Estávamos a passar perto de Santarém e vi passar a saída para a A13, auto-estrada que nos levaria directamente à A2 e que, num ápice, nos deixaria na A22, a famosa Via do Infante (parece que baixaram o valor das portagens da A22), e num instante estaríamos em Olhão, ainda a tempo de comer um peixinho grelhado, e eu disse-lhe Olha, deixaste passar a saída da A13. Ela deu uma pancada no volante, chateada, e disse Estava distraída! Saímos lá à frente e voltamos atrás. Eu abanei a cabeça e disse Não, esquece, vamos por Lisboa, vamos fazer a ponte 25 de Abril. Afinal, estamos nos cinquenta anos da revolução. Ela sorriu, acenou a cabeça e disse Ok.
Seguimos por ali fora. Eu ia dormitando. Não estou habituado a ir ao lado, no lugar do pendura, sem fazer nada. Dava-me a sonolência e os olhos fechavam-se. Depois um ou outro solavanco na estrada e regressava à vida. E ia assim, entre cá e lá, de vez em quando eu dizia-lhe qualquer coisa, para que não adormecesse, mas ela ia atenta à estrada, mais atenta que eu, com o rádio de fundo (estranho, o rádio estava na TSF, mas ouvia-se mais música que notícias), preocupada com a condução e com os condutores malucos que faziam slalon entre as outras viaturas na auto-estrada, quando fui abalroado por uma saraivada de tiros, ela começou aos gritos, o carros fazia ss, estávamos na Ponte 25 de Abril, Santos lá em baixo, ao fundo, dois carros a acelerar entre todos os outros, a dispararem tiros um ao outro, carros a pararem, a baterem uns nos outros, a capotar, gente a sair dos carros e fugir a correr pela ponte, uma mulher a ser atingida nas costas enquanto fugia, ela aos gritos, ao meu lado, lágrimas nos olhos e, de repente, uma salto no vazio, o chão fugiu-nos, o carro galgou as laterais e voou, literalmente voou da ponte para fora, e agora estamos a cair, estamos a cair da Ponte 25 de Abril em direcção ao Tejo, lá em baixo, mas é extraordinário como tenho tempo de pensar nisto tudo, e de poder contar o que está a acontecer enquanto estamos em queda, uma queda lenta, parece que estamos em câmara-lenta, o Tejo está lá em baixo e não se aproxima de nós, como se a queda fosse eterna. É extraordinário, isto.
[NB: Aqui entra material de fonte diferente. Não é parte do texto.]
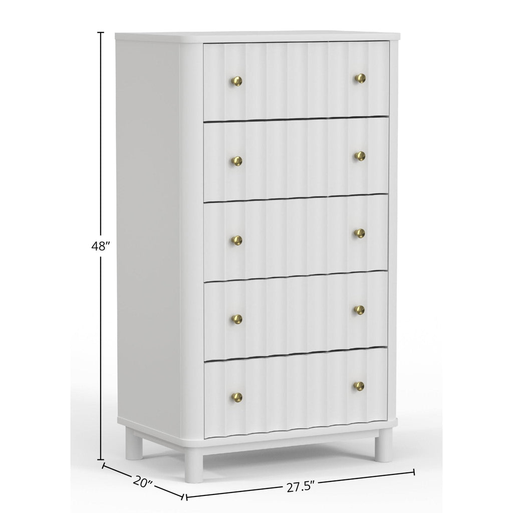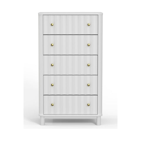 Stapleton is a timeless and versatile design that provides a perfect complement to your bedroom. Handcrafted in Indonesia from Mahogany Solids and Veneers, the beautiful white finish works with a variety of décor options. Sturdy construction means your furniture will be durable and last for years. The 5 Drawer Chest completes your bedroom. With 5 spacious drawers, there is plenty of room to store your clothes. The top drawer is felt lined to protect your personal items. The scalloped motif on the drawer fronts is distinctive and the brass hardware helps set it apart. The piece ships fully assembled.
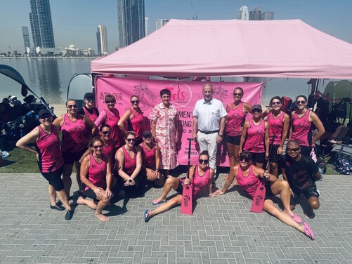 The championship was organised by the Sharjah International Marine sports club which is a phenomenal organisation with a dedicated women’s sports club. I was able to have conversations with the media and communications manager and strategic planning manager, who all are extremely interested in furthering the cause of breast cancer Dragon boating in the region. They are very keen to hold a major event there.
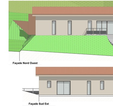 Adrien et Marine m’ont confié la conception de leur maison de 100 m², implantée sur un terrain en pente qui, loin d’être une contrainte, offre une vue remarquable et un environnement paisible au bord de la voie verte. Le projet s’adapte naturellement au relief pour limiter les terrassements et garantir un accès voiture pratique. Le volume en plain-pied s’intègre harmonieusement au site, tandis que les ouvertures verticales, orientées au nord, capturent la lumière et dévoilent pleinement le paysage.
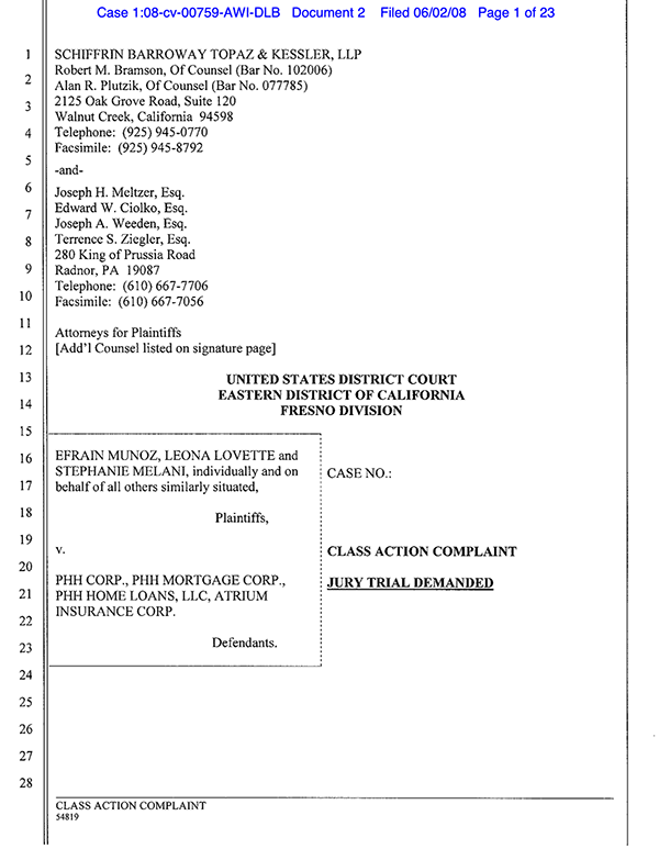 A settlement has been reached in the class action lawsuit pending in the Eastern District of California entitled Munoz, et al. v. PHH Corp., et. al., Case No. 1:08-cv-00759-MMB-BAM (the “Action”). Efrain Munoz, Leona Lovette, Stephanie Melani, John Hoffman, and Daniel Maga, II (collectively “Plaintiffs” or “Class Representatives”) allege that PHH Corp., PHH Mortgage Corp., PHH Home Loans, LCC, and Atrium Insurance Corp. (collectively “Defendants”) violated the law which prohibits the payment of kickbacks in connection with mortgage settlement services. Defendants have denied any wrongdoing. The Court hasn’t decided who is right. Instead, the parties agreed to a settlement to avoid more litigation.
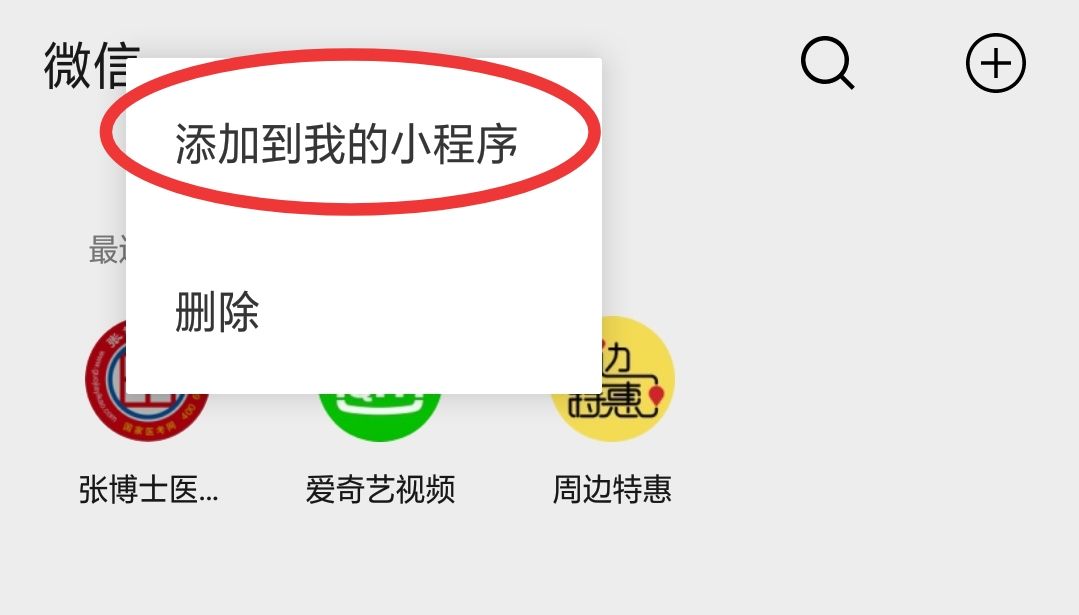 先在微信聊天界面中,下拉就可以看到常用的小程序,我们只需要把张博士医考小程序添加到上面。在上图中点击“添加到我的小程序”,之后就可以在聊天界面下拉,就能看到啦:有了张博士医考小程序,只要在聊天界面下拉,点击张博士医考小程序,即可随时随地的学习,省时又便捷哦~
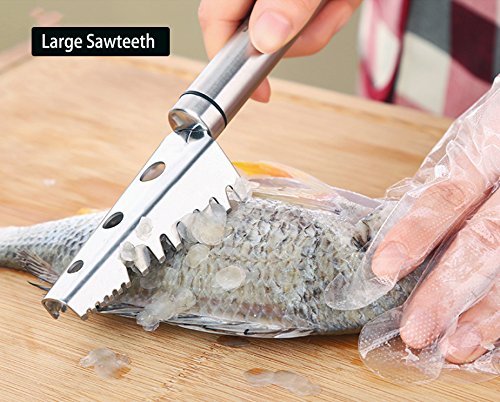 Makidar Fish Scaler Fish Scales Scraper Scales Peeler 2 Sawtooth Design for Fast and Easy Fish Scale Removing, 18/10 Stainless Steel

É estranho, como eu comecei por dizer logo no início, como ainda estamos a cair. Ela continua a gritar, está assustada, claro, acho que ainda não se apercebeu da particularidade da nossa queda, ainda estamos a cair, continuamos longe do rio, já contei a estória, e acho que ainda tenho tempo para pensar numa maneira de me salvar, a mim e a ela. Sim, sinto que hoje não será a minha morte. Estou seguro disso. Até já tenho uma ideia para quando chegarmos ao fim da queda, que afinal é uma queda como são todas as quedas, sem fim, sem fundo, sempre a cair, a minha vida é uma emoção constante, sempre em queda, sempre entre a vida e a morte, afinal, a nossa condição de humanos, mas esta queda é mesmo extraordinária, algo que só a mim poderia acontecer, e se eu amanhã não voltar cá para contar outra estória, uma destas estórias da noite, é porque afinal estou enganado e as coisas correram mal para nós, mas estou convencido que ainda não é desta que se vão livrar de mim. Sou carne dura. E vou continuar por cá ainda durante muito tempo. Esta queda, ora esta queda é uma brincadeira de crianças.